## BRIEF
There is material below. Print exactly the lines starting at the line with "Our Billabong Womens'" and ending at the line with "表情豊かな柄編みが春夏のシー", ends included, and no others.

## SOURCE INFORMATION
== Segment start ==
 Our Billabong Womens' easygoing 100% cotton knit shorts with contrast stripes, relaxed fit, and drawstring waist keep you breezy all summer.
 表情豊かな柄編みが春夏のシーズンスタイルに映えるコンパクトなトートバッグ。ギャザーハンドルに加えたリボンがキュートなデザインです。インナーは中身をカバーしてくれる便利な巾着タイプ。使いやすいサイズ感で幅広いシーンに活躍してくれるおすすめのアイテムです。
== Segment end ==
== Segment start ==
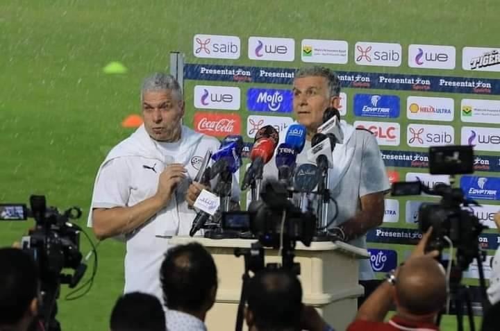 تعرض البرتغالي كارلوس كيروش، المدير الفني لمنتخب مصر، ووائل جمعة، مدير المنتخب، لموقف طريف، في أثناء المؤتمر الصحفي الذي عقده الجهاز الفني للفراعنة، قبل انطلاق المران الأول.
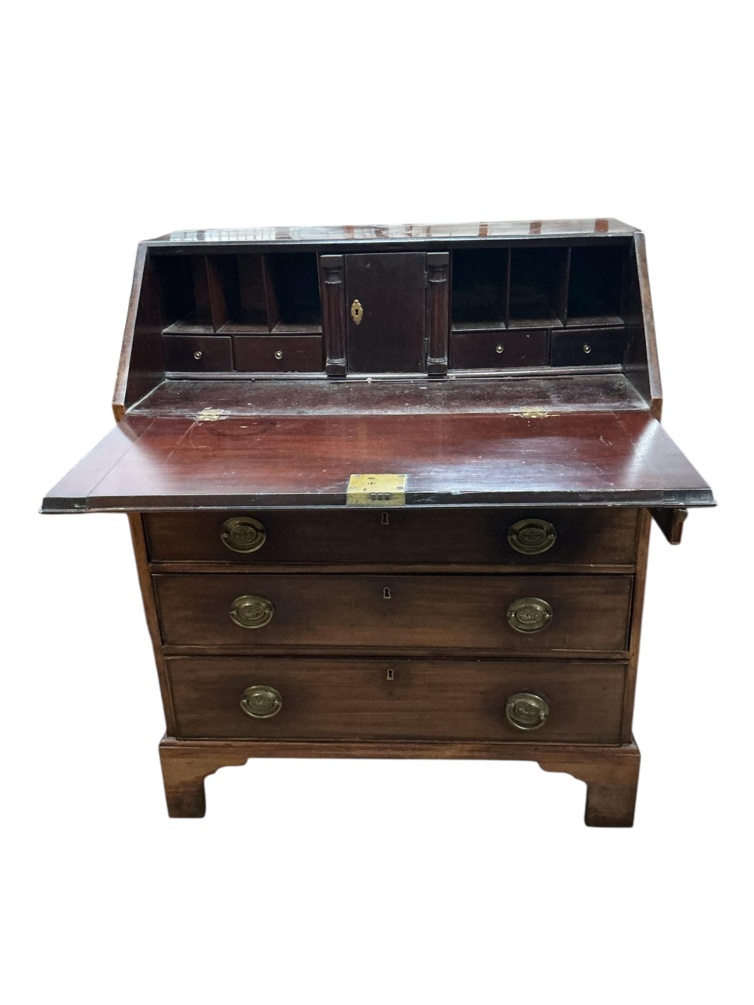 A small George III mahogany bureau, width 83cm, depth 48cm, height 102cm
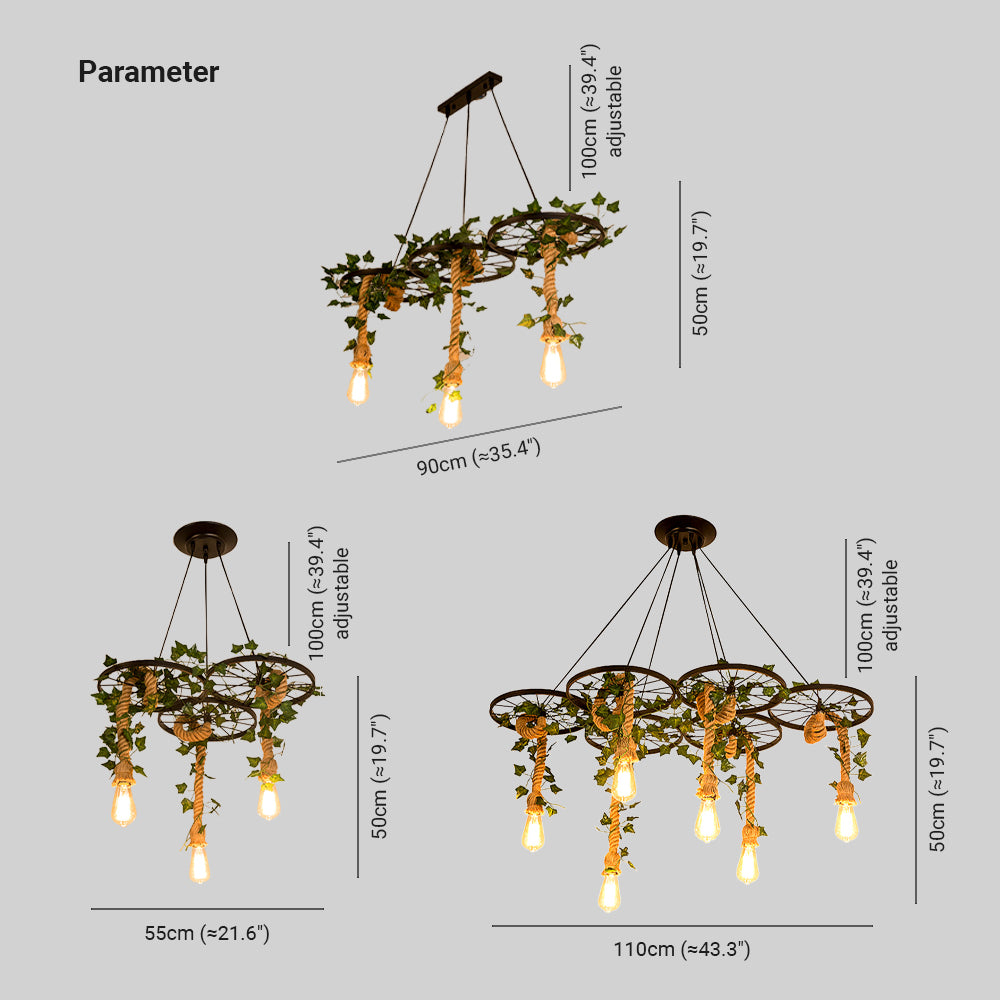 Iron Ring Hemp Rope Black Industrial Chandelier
== Segment end ==
## SOLUTION TO THE PROBLEM
 Our Billabong Womens' easygoing 100% cotton knit shorts with contrast stripes, relaxed fit, and drawstring waist keep you breezy all summer.
 表情豊かな柄編みが春夏のシーズンスタイルに映えるコンパクトなトートバッグ。ギャザーハンドルに加えたリボンがキュートなデザインです。インナーは中身をカバーしてくれる便利な巾着タイプ。使いやすいサイズ感で幅広いシーンに活躍してくれるおすすめのアイテムです。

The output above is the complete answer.